Both of the Momentum selections for this week were choices that could easily have been bought last week, as long as personal distractions weren't so vexing.
Both YUM Brands (YUM) and Freeport McMoRan (FCX) also happen to be going ex-dividend this week. The big and very big caveat, however is that YUM Brands reports earnings after the market close on Tuesday, while it goes ex-dividend the next day. That means that in order to capture the dividend, you would be taking earnings-related risk. Given that YUM is very often one of those companies whose share price over-responds to all kinds of Chinese economy-related theories, it may end up being best to stay away. However, if YUM trades weakly on Tuesday in advance of the report, I'd be more inclined to pick up shares going into the close, but certainly using an in the money strike price.
Traditional Stocks: Aetna, Microsoft, Phillips 66
Momentum Stocks: Freeport McMoRan, YUM Brands
Double Dip Dividend: Aetna (ex-div 10/9), Freeport McMoRan (ex-div 10/11), YUM Brands (ex-div 10/10)

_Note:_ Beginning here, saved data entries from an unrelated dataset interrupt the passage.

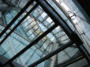 Permasteelisa has removed the protection from the glass balconies and stairs to the 3rd floor. I call this shot “looking up” and perhaps things are beginning to do this. The stairway is spectacular but is is going to be a problem for half of the Human population. The beauty-utility equation is not always easy to balance.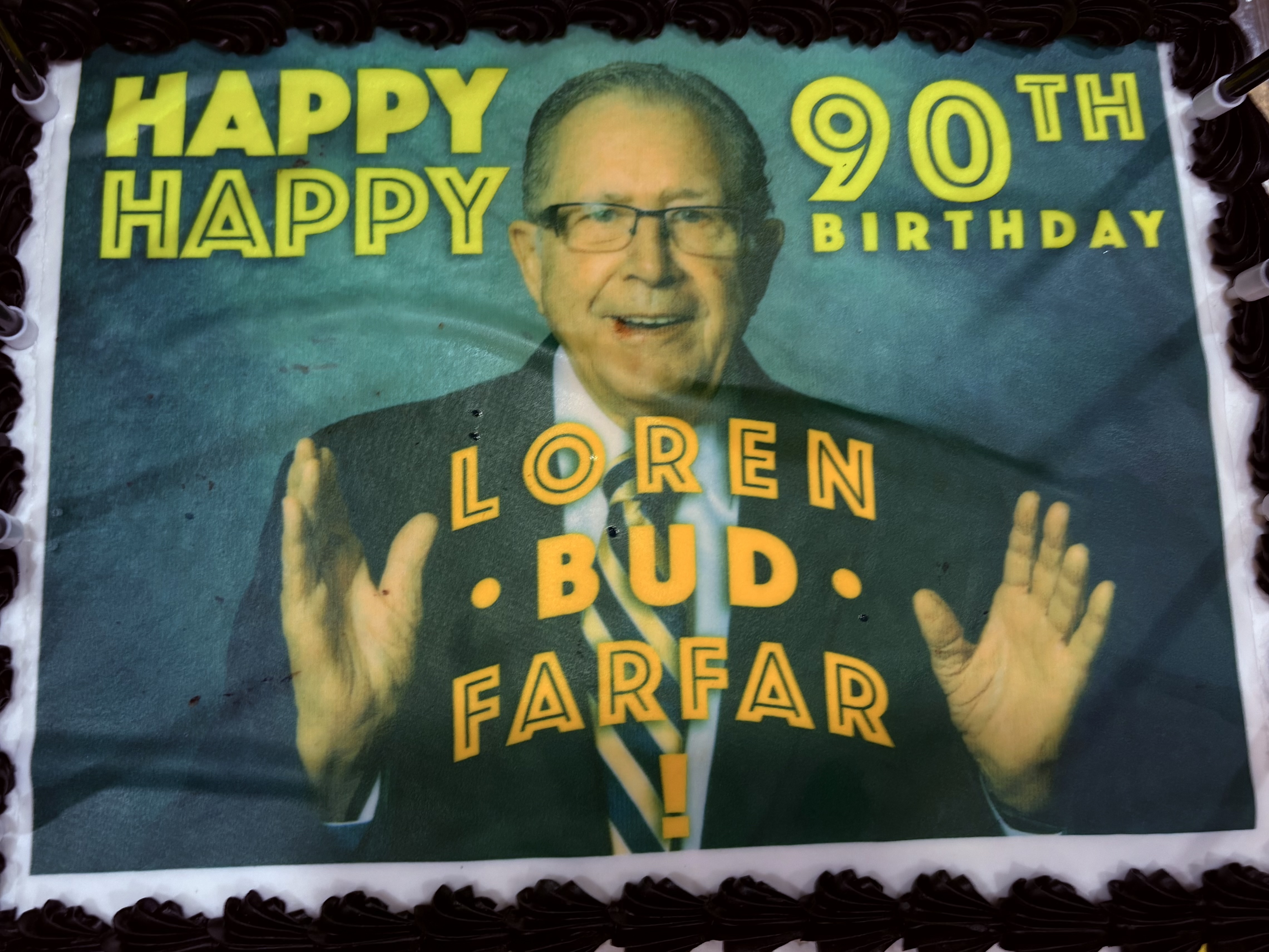 Loren Ekroth turned ninety on January 14, 2025. A family birthday cake, photographed and preserved, reads: “Happy Happy 90th Birthday Loren Bud Farfar!” The cake features a photo of Loren in a suit and glasses, hands raised mid-gesture — the pose of someone who spent a lifetime teaching communication.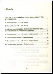 Autor seznamuje s vývojem středověkého práva v českých zemích v období 11. až 18. stol. Novodobé trestní právo v českých zemích a v Československu zahrnuje instituty trestního práva a trestního řízení 19. až 20. stol.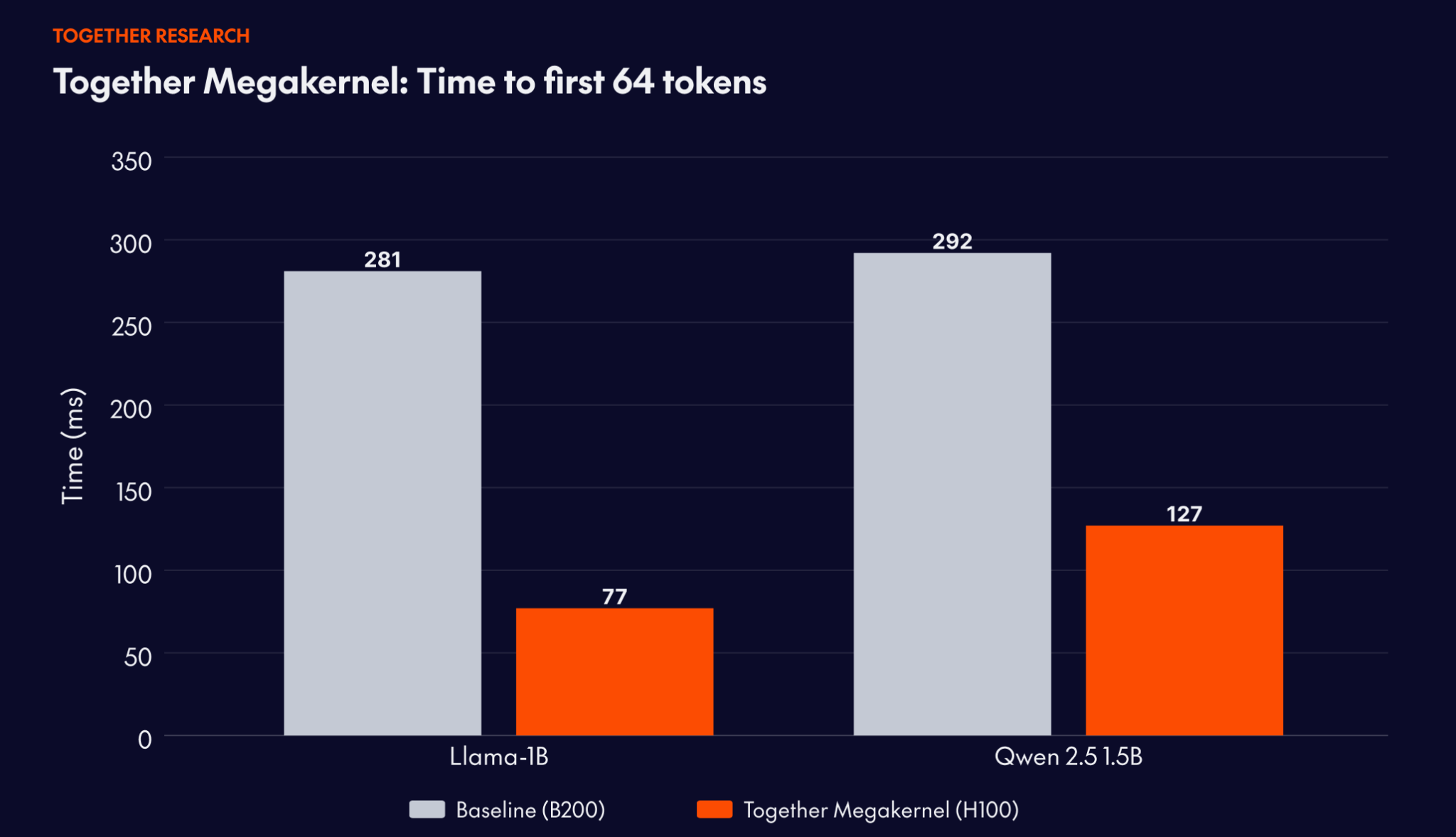 The result: 77ms on Llama-3.2-1B, a 3.6x performance improvement and 7.2x better unit economics compared to their prior deployment. On Qwen 2.5 1.5B: 127ms, down from 292ms on the B200 baseline.

Remember, these are just guidelines for the coming week. Adjust accordingly with market movement, and you'll have the makings of a healthy income stream for the week with reduced risk.
Disclosure: I have no positions in any stocks mentioned, but may initiate a long position in AET, PSX, MSFT, YUM, FCX over the next 72 hours. I wrote this article myself, and it expresses my own opinions. I am not receiving compensation for it (other than from Seeking Alpha). I have no business relationship with any company whose stock is mentioned in this article.